Billions of Dollars in Stranded Assets

 

The study estimates that the Biden administration's current energy policies could result in $68 billion worth of stranded assets. Out of that amount, $34 billion could be stranded in prolonging the life of existing coal plants to comply with pollution control standards. Steve Piper, one of the report’s authors, called it an “overhang of investments in pollution control.” Retrofitting existing plants, the report states, is not a solution because it does not provide a “financially viable solution” to address carbon dioxide – the most harmful and prevalent of all emissions.

 

Another $34 billion could be stranded in spending on new natural gas assets for baseload generation. According to Piper, capacity utilization rates for these new assets will rapidly decline as renewable energy sources take over most of the grid’s power requirements.

 

As proof, the paper outlines the case of the La Paloma generation power plant, a combined cycle gas power plant in California.

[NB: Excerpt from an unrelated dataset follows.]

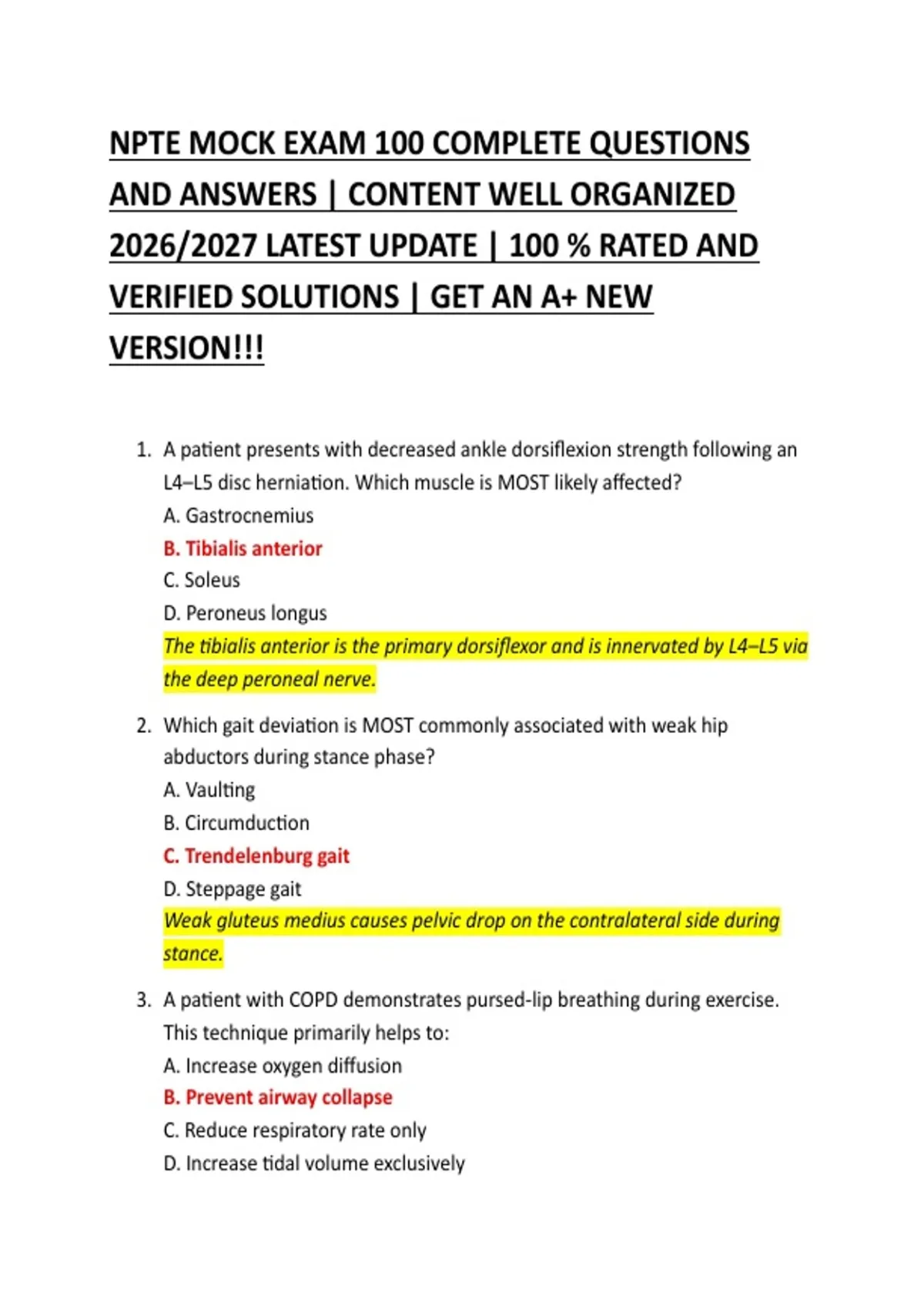 NPTE MOCK EXAM 100 COMPLETE QUESTIONS

It ran 73% of the time in 2014. The plant’s owner declared bankruptcy in 2016, when its utilization rate fell to 47%, claiming that they could no longer compete against solar energy’s cheap prices and service debt at the same time. (The average capacity factor for natural gas plants was 56% in 2016). 

 

The study estimates that 13% of Combined Cycle Gas Turbine (CCGT) capacity, or 33,700 MW, is at risk in the US. ISO markets in the Northeast are especially vulnerable to retirements. 20,600 MW of combined cycle gas transmission capacity across three ISO markets – NYISO, PJM, and ISONE – may be retired by 2030, according to the study. That figure represents 20% of the overall fleet in these markets.

 

Piper told Utility Dive that if the Biden administration adopts a clean energy standard or if states and regulatory markets adopt even more aggressive targets for renewable energy in their grid, then the cost of these stranded assets will likely increase.

 

Stranded Assets: A Money-Making Opportunity for Electric Utilities

 

For all its hand-wringing about stranded natural gas assets, the study omits key information about them.

 

For starters, it does not include some of the biggest natural gas markets in its assessment. About 38% of U.S. natural gas-fired capacity was located in Texas, California, Florida, and New York in 2016. The fate of natural gas plants in Texas and California – the top two states for natural gas end use consumption – are not discussed.

 

It also cherry-picks case studies. La Paloma, in fact, emerged from bankruptcy and was embroiled in a case against CAISO in 2018. The utility wanted a mandatory capacity market in California because of “an increasing number of reliability must-run contracts for gas-fired power plants.” (An argument that is similar to the one made by the study’s authors – albeit obliquely). CAISO argued against it because “the resources needed for reliability also receive revenues from bilateral RA (Resource Adequacy) contracts (besides spot market revenues).

 

The ISO’s argument holds true for baseload generators in other markets. These generators are compensated with a higher sales price per unit of power under baseload PPAs because of the increased risk and tight schedules for baseload power. And spot market revenues can be substantial.   

 

Besides, natural gas plants can still make bank during period of high demand and compensate for their diminishing energy margins. The February Texas fiasco, when natural gas companies made away with an estimated $26 billion, is an example of the strategic profits available to natural gas companies.

 

That might be the reason why electric utilities continue to invest in natural gas assets, despite its diminishing future prospects. Regulatory commissions, even in renewable energy – forward states like California, are also happy to oblige by prolonging the life of such assets due for retirement.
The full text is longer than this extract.